God he was good looking, and he still is. And look behind him, there is my ever-present sewing machine. It was a cabinet model Singer that Momma bought for me as soon as I started Home Ec projects and she could see how much I loved it. I still have that sewing machine and cabinet. And that boy.


But one sunny Sunday afternoon, a lot changed.


After lunch Momma choked on a gumball, of all things. She had a notorious sweet tooth and always had a dish of something around. It was terrifying to watch, helplessly, but somehow she dislodged it. It seemed like she choked a long time. She never lost consciousness, but we all got quite a fright. She seemed fine. The boys went back to whatever they were doing, and Jamie and I went for a drive, and I ended up at the drug store, where I worked the last couple of hours before closing. And I'll never forget the phone call I got, while at the front cash.

It was my aunt Mildred, who lived up the next field and she was a Registered Nurse. Momma was her mother. She let me know that Momma began acting strange and her speech was slurred. They got her to a doctor, and somehow she wound up in Kings County Hospital suffering from a stroke. They put it all together, the choking spell must have been severe enough to burst a blood vessel, and it was causing the damage. There was no way to know if the damage was to be permanent and thankfully it wasn't, Momma made a full recovery.

But I don't think I did. The guilt and shame I felt was indescribable. I felt I had let her down, when of course there was nothing I could have done to change things. I bawled my head off for days. When I went to the hospital to see her, all hooked up to machines, and heavily sedated, I couldn't be consoled. She was 69 years old.


But the summer went on, Momma came home, my brothers all kept on attending school, while I worked full time at Larters, came home at lunch most days to get Momma's lunch, grab a few groceries, pay a bill or whatever errands needed doing. She was demanding and my carefree days were over.
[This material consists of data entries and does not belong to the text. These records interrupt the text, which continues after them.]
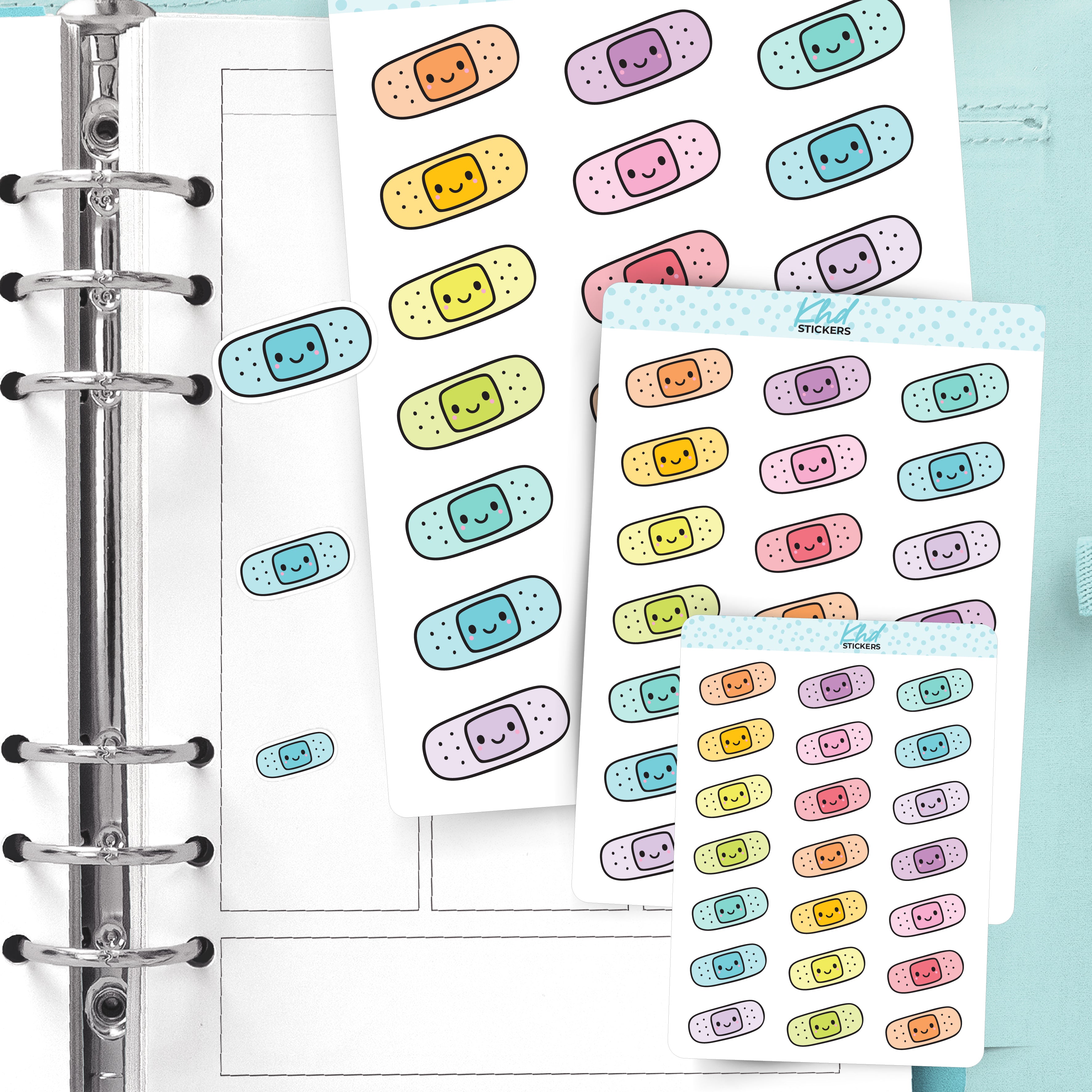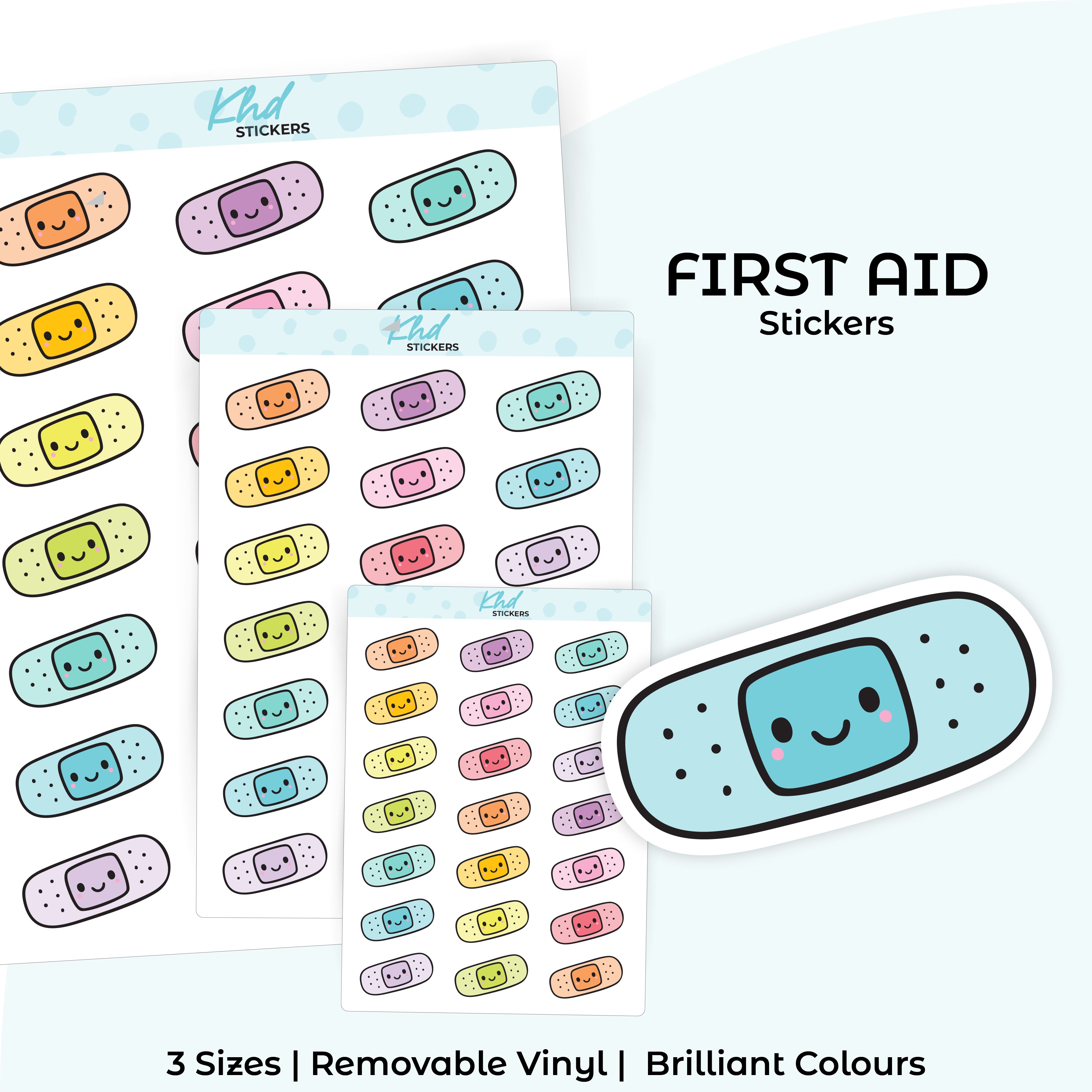 First Aid sticking plasters stickers for emergencies, kit checks, or wellness logs. Functional and cute.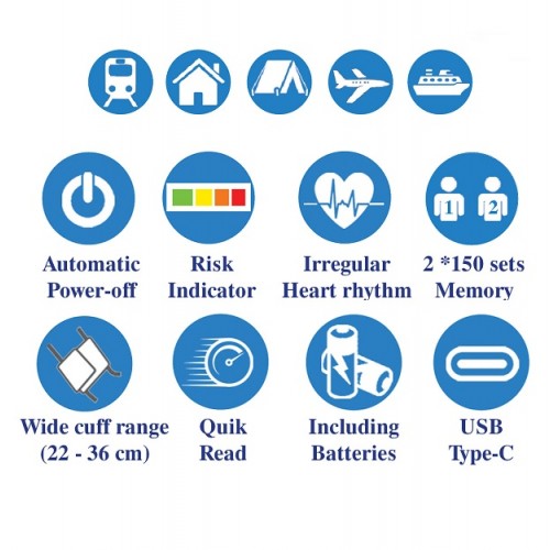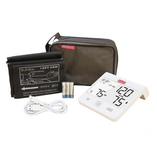 ROBINS RM - 80 blood pressure monitor حفظ ميموري لشخصين يعمل على البطاريات ووصلة الشحن الكفة قياس كبير من 22-36 سم اشارات تحذيرية بالالوان تنبيه عدم انتظام نبضات القلب سرعة في القراءة بضاريات + ووصلة شكل كلاسيكي امكانية قياس الضغط على المرتفعات (طيارة) (متوفر)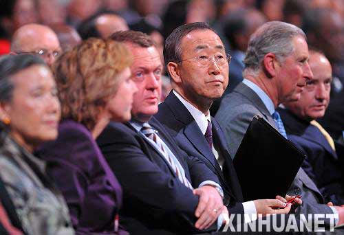 12月15日,在丹麥?zhǔn)锥几绫竟?lián)合國(guó)秘書(shū)長(zhǎng)潘基文(右三)、丹麥?zhǔn)紫嗬鼓律ㄓ宜模⒂?guó)王儲(chǔ)查爾斯王子(右二)等出席聯(lián)合國(guó)氣候變化大會(huì)高層會(huì)議開(kāi)幕式。當(dāng)天,氣候變化大會(huì)開(kāi)始進(jìn)入高層會(huì)議階段。新華社記者武巍攝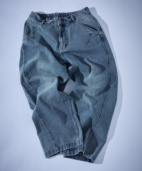 穿くだけで様になる。注目のデニム丸みのあるカーブシルエットをベースにしたリラックスフィット。重ねた加工による独特な色感がヴィンテージ感を演出。3カ所に入るダーツがコーディネートのアクセントに。Tシャツ1枚で合わせても、見劣りしない主張のある一本です。【デザイン】オールシーズン穿きやすい10オンスデニムを採用。脇線が斜めに走る立体裁断パターンが特徴のデニムパンツです。トレンドのカーブシルエットをベースに裾幅を広げリラックスしたサイズ感に。随所に入った色の落ち感がヴィンテージライクな印象を作ります。ポケット口・膝脇・後裾、3カ所にダーツを入れ、どの方向から見てもデザイン性が光ります。腰ポケットは5ポケット型をベースに斜め取りすることで、アクセスしやすい間口。リベットが付属し無骨な印象を作ります。ウエスト後ろはバックゴム使用。フィット感とサイズカバー率を向上させています。【加工】ブルー…インディゴデニムにウォッシュ加工をかけ、グリーンカラーでオーバーダイ加工を施しました。爽やかながら深みのあるブルーに仕上がっています。合わせやすく、きれい目スタイルの外しとしてもマッチします。ベージュ…ブラックデニムにウォッシュ加工をかけ、ベージュカラーでオーバーダイ加工を施しました。随所にグレーの色感が覗き、独特の色感。チノパンのように使えながら、一味違う印象を作れます。グレー…ブラックデニムからアイスグレーへとウォッシュ加工をかけました。重たくなりすぎないグレートーンで、爽やかな色目とも相性の良いカラーリングです。※加工を施した商品のため、全体的な色の出方に1点1点個体差があります。※撮影画像は、光の当たり具合で色味が多少異なって見える場合があります。商品の色味は素材詳細画像をご参照ください。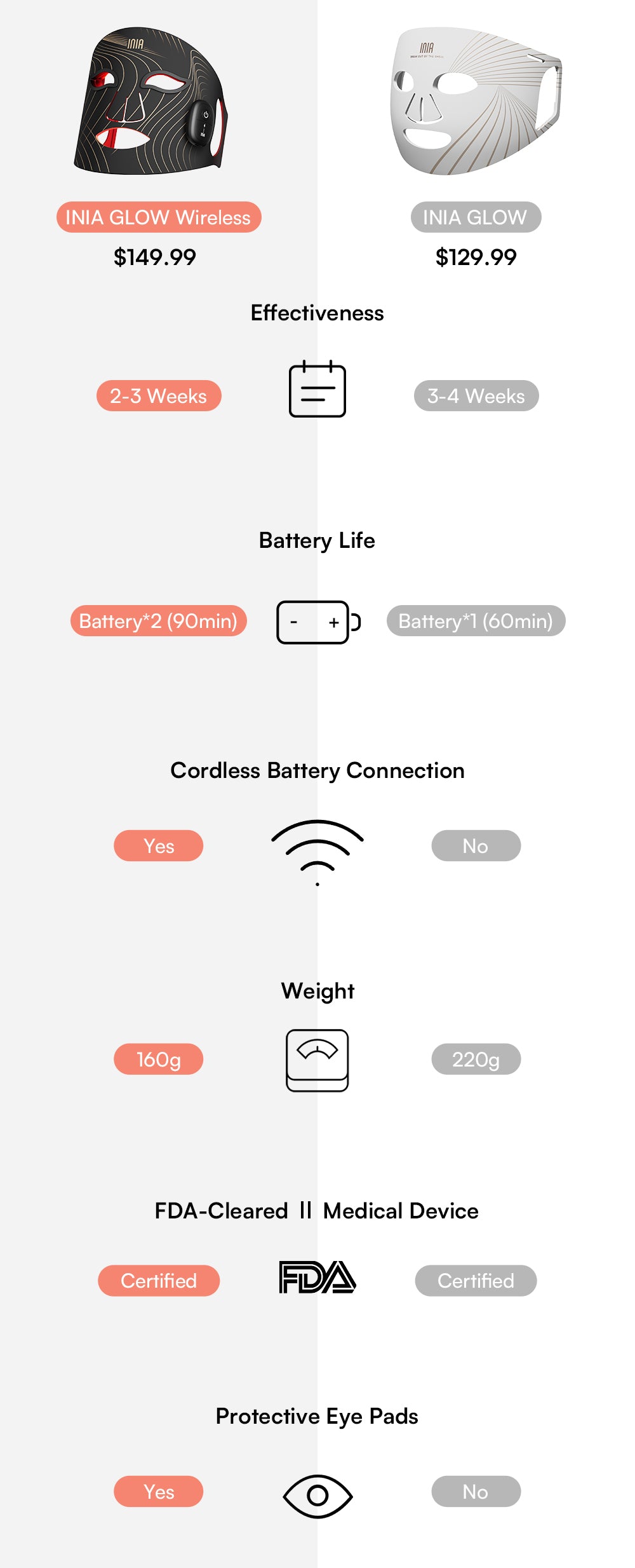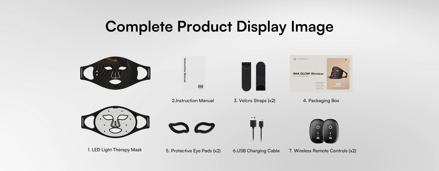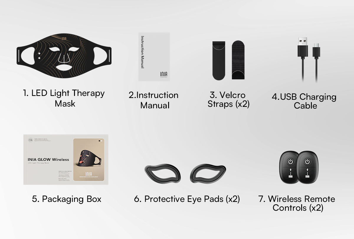 For added comfort, the INIA GLOW Wireless Mask comes with removable eye pads. You can choose to use the mask with or without the pads—both options are safe for your eyes. Whether you keep your eyes open or closed, the device remains effective and comfortable.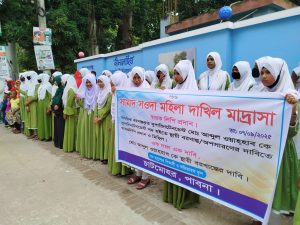 রোববার (৭ সেপ্টেম্বর) বেলা ১১টায় উপজেলা পরিষদের সামনে মাদ্রাসার অভিভাবক ও শিক্ষার্থীদের ব্যানারে মানববন্ধন কর্মসূচি পালন করে। পরে বিক্ষোভ মিছিল শেষে উপজেলা নির্বাহী অফিসার ও মাধ্যমিক শিক্ষা কর্মকর্তার কাছে স্মারকলিপি প্রদান করা হয়। ঘন্টাব্যাপি এই মানববন্ধন কর্মসূচিতে মাদ্রাসার শতাধিক অভিভাবক অংশগ্রহণ করে।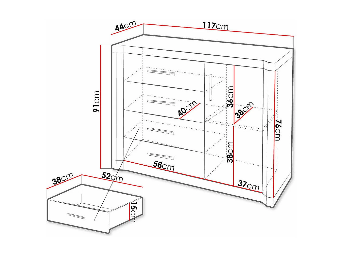 Commode Lorelie 102, Truffe chêne, Tiroirs et portes, Nombre de tiroirs: 4, 91x117x44cm
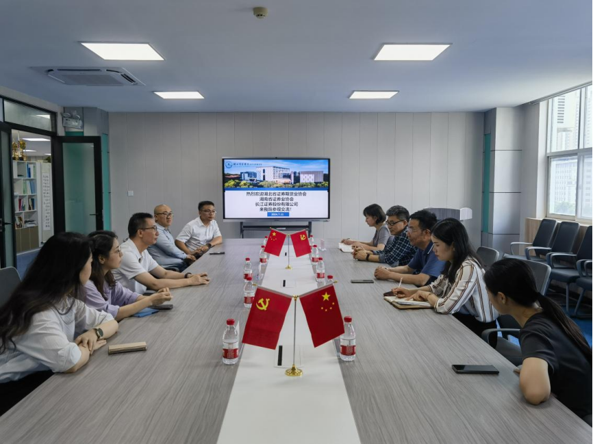 7月11日下午,湖北证券期货业协会秘书长李翎、湖南期货业协会刘丹岳、长江证券投教专员王凯一行来公司进行交流,并参观公司新金融智慧学习工场。公司经理严良、副经理孟静、陈红兵、金融教研室徐若瑜和张盼参加本次交流。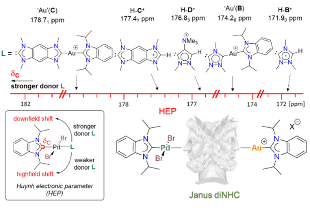 Huynh’s electronic parameter (HEP) was applied to distinguish the electronic properties of benzimidazole and pyrazole donors in N^N ditopic and N^N‘ hetero-ditopic, dinucleating ligands by 13C NMR spectroscopy of their dipalladium complexes bearing terminal iPr2–bimy reporter ligands. The 13Ccarbene NMR resonances of the iPr2-bimy ligand (HEPs) indicate stronger donation of the symmetrical dibenzimidazole compared to that of the dipyrazole with a DHEP value of 1.54 ppm. Based on this benchmark value, the effect of spacer groups on the electron donation of the mixed benzimidazole-pyrazole ligands was investigated for the first time. The donicity gap between the benzimidazole and pyrazole donors increases with alkylene spacers, but shrinks with the 1,4-phenylene linker, suggesting electronic communication between the two different heterocycles via p-electron conjugation. Furthermore, these complex probes could also be used to catalyze the direct arylation of pentafluorobenzene, which showed that the unsymmetrically bridged, dinuclear complexes with alkylene linkers are more reactive.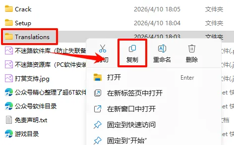 10.返回之前解压的“Mudbox 2027”文件夹,选中“Translations”文件夹,鼠标右键选择“复制”

But the guilt stayed with me, and I saved everybody else the trouble and just did everything myself.


As I posted in last weeks' Blog, Jamie and I got engaged the December after I graduated, and when we drove home after Midnight Mass to show her the ring and hopefully share in our happiness, she just turned her head and said bitterly, "I suppose you'll be like the rest and leave."

I was crushed.

And as my friend Donna would say, I was hooped.

I knew then that if I wanted to get married, Jamie would have to move in to that tiny house, already bursting. He came from a family of eleven siblings, and he didn't need any more.

So we built on a large room for ourselves, got married, and my fate was sealed.

Momma called the shots.





No selfies in 1975, I would imagine Darrell took this engagement picture for us, and I remember clearly making the blouse I have on, and the kerchief as well. I took the developed picture to Helen Lyons, who ran articles for The Guardian in those days and had it posted, as all brides did. It was so exciting to wait for the paper and see the announcement in print. I remember sending a copy to my mother, who was unresponsive, as she had ignored my invitation to my High School graduation too, so I had no one there to watch me receive my diploma. Pretty shitty.